# 7. Bank1Saar MTB Marathon 2006



## Limit83 (28. Juli 2006)

Am 03.09.2006 findet im saarländischen St. Ingbert bereits zum 7. Mal der Bank1Saar MTB Marathon statt. Zum zweiten Mal werden hier die Südwest Deutsche Meisterschaft im MTB Marathon ausgetragen und damit findet die Generalprobe für die Deutschen Meisterschaften 2007 auf gleicher Strecke statt.  
Die Siegerliste des Marathons liest sich wie das "Who is who" der Marathonszene: u. a.
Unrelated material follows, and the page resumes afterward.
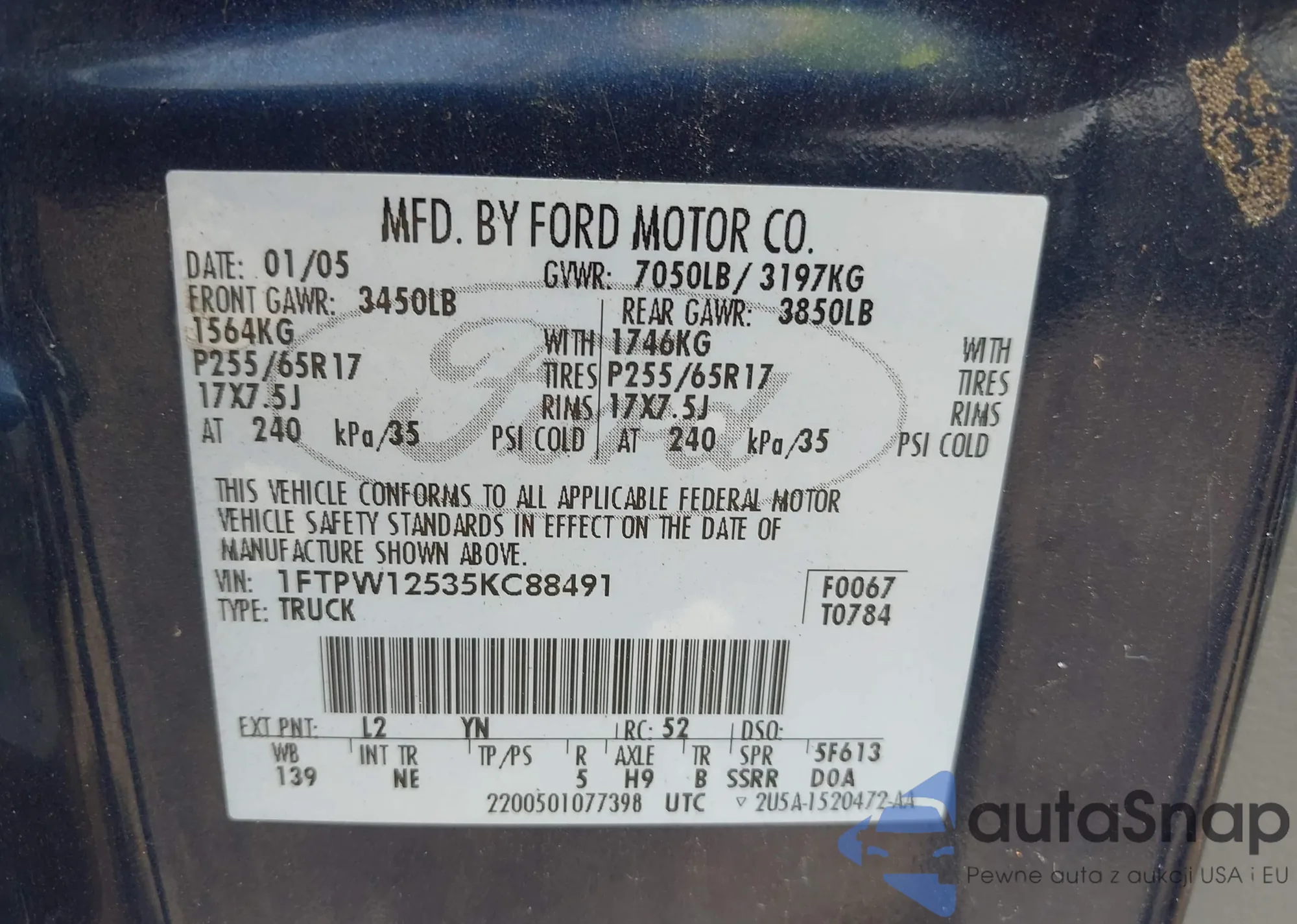 VIN: 1FTPW12535KC88491

Carsten Bresser, Karl Platt, Mannie Heymans, Jörg Scheiderbauer, Ivonne Kraft und Birgit Jüngst waren in den letzen Jahren von der Strecke, die sich durch das Buntsandsteingebiet um St. Ingbert zieht und wegen ihres hohen Singletrailanteils (über 45%) berühmt berüchtigt ist, mehr als begeistert. "Durch die Trails zu surfen hat eine Menge Spaß gemacht", so Carsten Bresser nach seinem Sieg 2005.  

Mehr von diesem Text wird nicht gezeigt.